TASK:
All lines in the records below from the line with "만종리는 삼태산(875m) 주봉의" through the line with "(وَإِذَا سَمِعُوا اللَّغْوَ" are to be given again exactly, both ends included; the pictures are to be left out.

DATA:

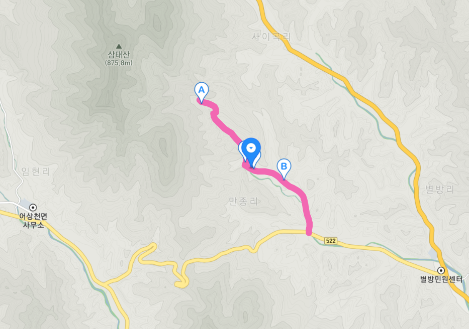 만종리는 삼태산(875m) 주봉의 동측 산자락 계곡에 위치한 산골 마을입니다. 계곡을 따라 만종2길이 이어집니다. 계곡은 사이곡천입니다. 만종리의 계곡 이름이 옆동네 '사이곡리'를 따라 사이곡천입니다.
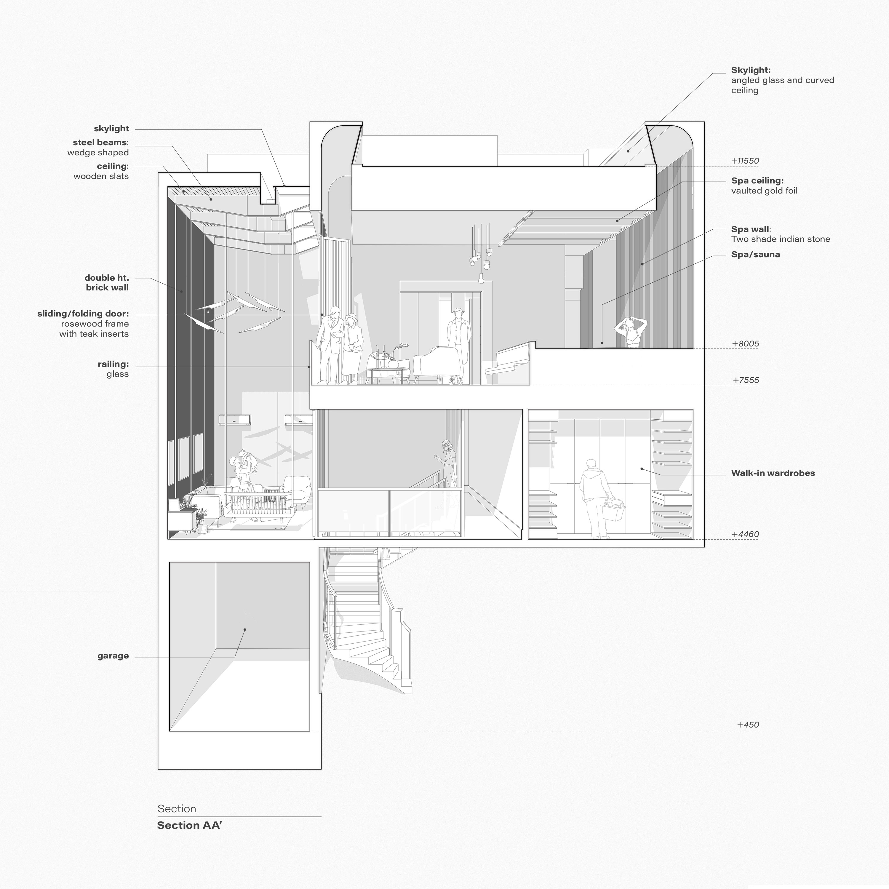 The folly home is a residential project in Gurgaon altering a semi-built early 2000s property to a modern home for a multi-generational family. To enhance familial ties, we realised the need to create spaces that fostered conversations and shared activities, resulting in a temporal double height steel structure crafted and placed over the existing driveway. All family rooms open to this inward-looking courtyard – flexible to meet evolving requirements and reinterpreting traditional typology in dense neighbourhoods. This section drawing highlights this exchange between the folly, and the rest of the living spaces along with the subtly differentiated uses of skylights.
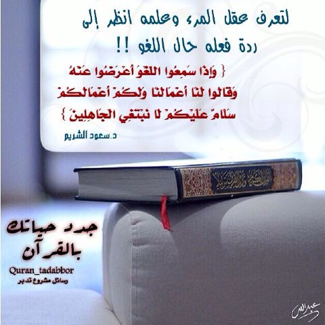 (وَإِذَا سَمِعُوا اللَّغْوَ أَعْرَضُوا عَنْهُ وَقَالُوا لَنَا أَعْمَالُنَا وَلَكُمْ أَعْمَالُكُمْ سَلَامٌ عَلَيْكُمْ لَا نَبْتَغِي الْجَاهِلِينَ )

...

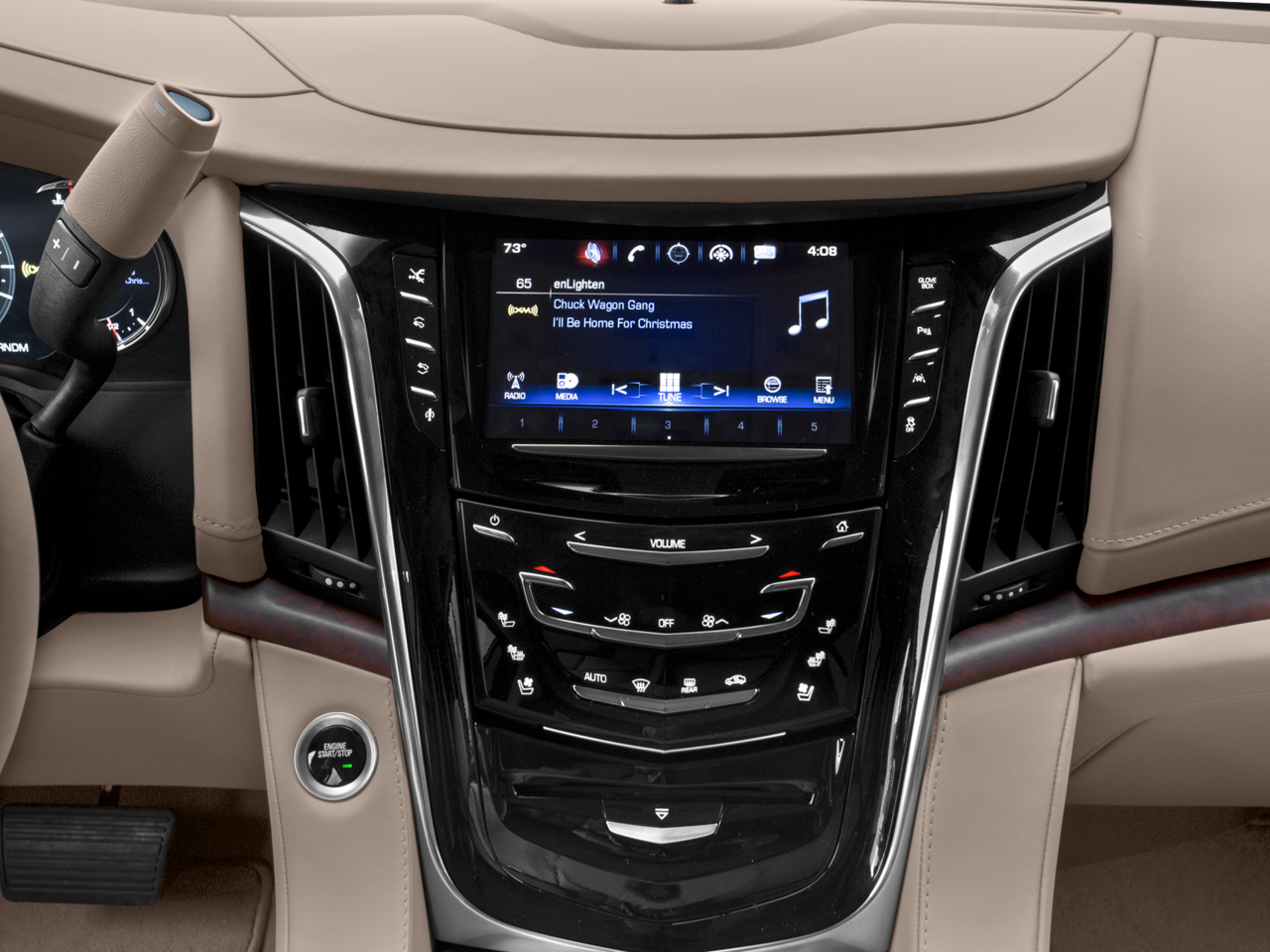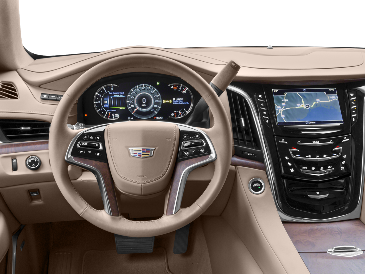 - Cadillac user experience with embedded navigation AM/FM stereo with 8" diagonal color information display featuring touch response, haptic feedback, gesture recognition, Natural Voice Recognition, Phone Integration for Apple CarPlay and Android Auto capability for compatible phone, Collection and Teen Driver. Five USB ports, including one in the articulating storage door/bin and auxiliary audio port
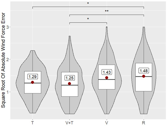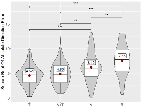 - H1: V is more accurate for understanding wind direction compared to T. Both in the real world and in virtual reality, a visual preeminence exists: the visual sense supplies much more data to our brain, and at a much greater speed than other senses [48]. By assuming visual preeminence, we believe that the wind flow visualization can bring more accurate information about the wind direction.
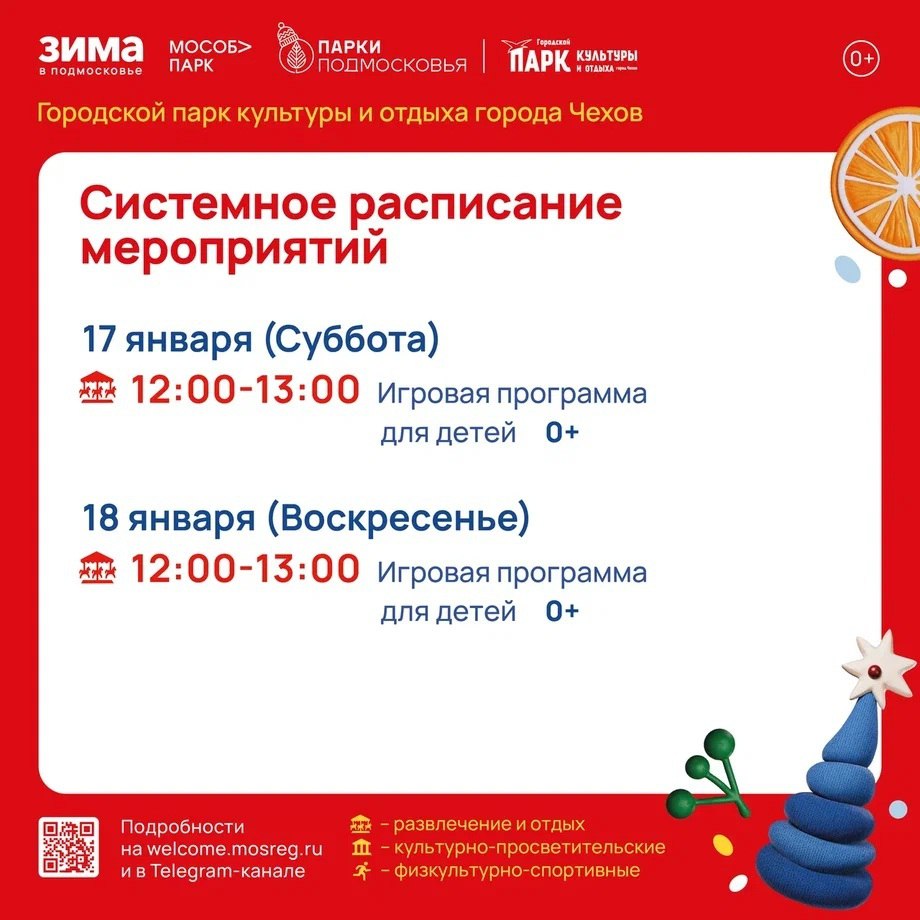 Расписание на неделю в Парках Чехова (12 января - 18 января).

* * *

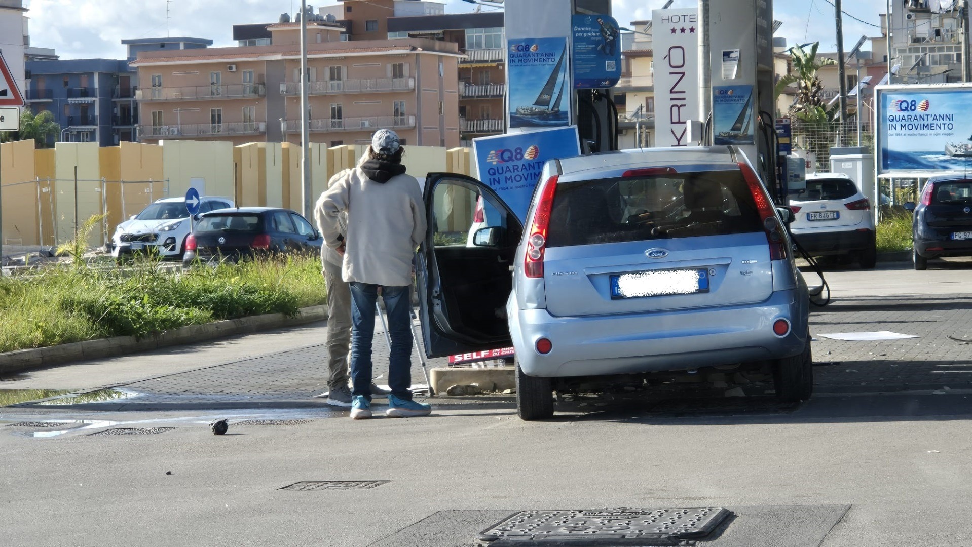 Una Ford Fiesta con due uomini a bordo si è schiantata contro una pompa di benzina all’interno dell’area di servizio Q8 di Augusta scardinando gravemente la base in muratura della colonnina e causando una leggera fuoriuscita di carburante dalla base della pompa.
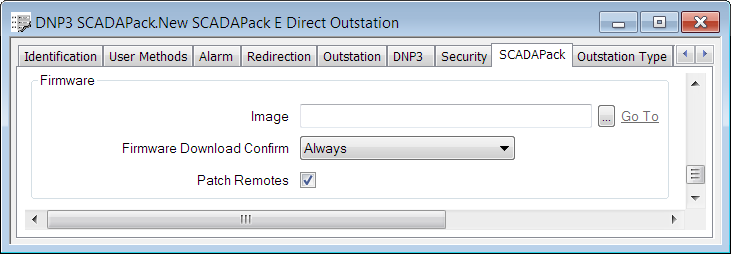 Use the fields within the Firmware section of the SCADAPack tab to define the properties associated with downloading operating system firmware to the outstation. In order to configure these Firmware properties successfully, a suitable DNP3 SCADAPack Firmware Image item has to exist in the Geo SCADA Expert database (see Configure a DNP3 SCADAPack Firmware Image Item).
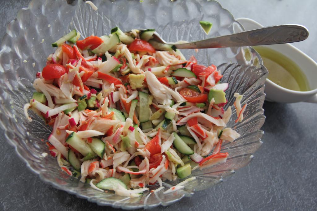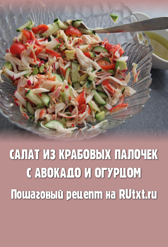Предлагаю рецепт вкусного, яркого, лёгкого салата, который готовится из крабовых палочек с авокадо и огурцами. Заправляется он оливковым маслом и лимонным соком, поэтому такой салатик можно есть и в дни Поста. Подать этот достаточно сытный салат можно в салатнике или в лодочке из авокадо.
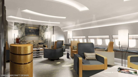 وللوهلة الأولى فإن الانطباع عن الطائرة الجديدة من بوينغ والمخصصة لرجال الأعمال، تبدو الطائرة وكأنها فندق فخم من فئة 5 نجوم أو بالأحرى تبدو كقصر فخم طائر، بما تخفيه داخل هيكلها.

RESPONSE TO THE TASK:
 만종리는 삼태산(875m) 주봉의 동측 산자락 계곡에 위치한 산골 마을입니다. 계곡을 따라 만종2길이 이어집니다. 계곡은 사이곡천입니다. 만종리의 계곡 이름이 옆동네 '사이곡리'를 따라 사이곡천입니다.
 The folly home is a residential project in Gurgaon altering a semi-built early 2000s property to a modern home for a multi-generational family. To enhance familial ties, we realised the need to create spaces that fostered conversations and shared activities, resulting in a temporal double height steel structure crafted and placed over the existing driveway. All family rooms open to this inward-looking courtyard – flexible to meet evolving requirements and reinterpreting traditional typology in dense neighbourhoods. This section drawing highlights this exchange between the folly, and the rest of the living spaces along with the subtly differentiated uses of skylights.
 (وَإِذَا سَمِعُوا اللَّغْوَ أَعْرَضُوا عَنْهُ وَقَالُوا لَنَا أَعْمَالُنَا وَلَكُمْ أَعْمَالُكُمْ سَلَامٌ عَلَيْكُمْ لَا نَبْتَغِي الْجَاهِلِينَ )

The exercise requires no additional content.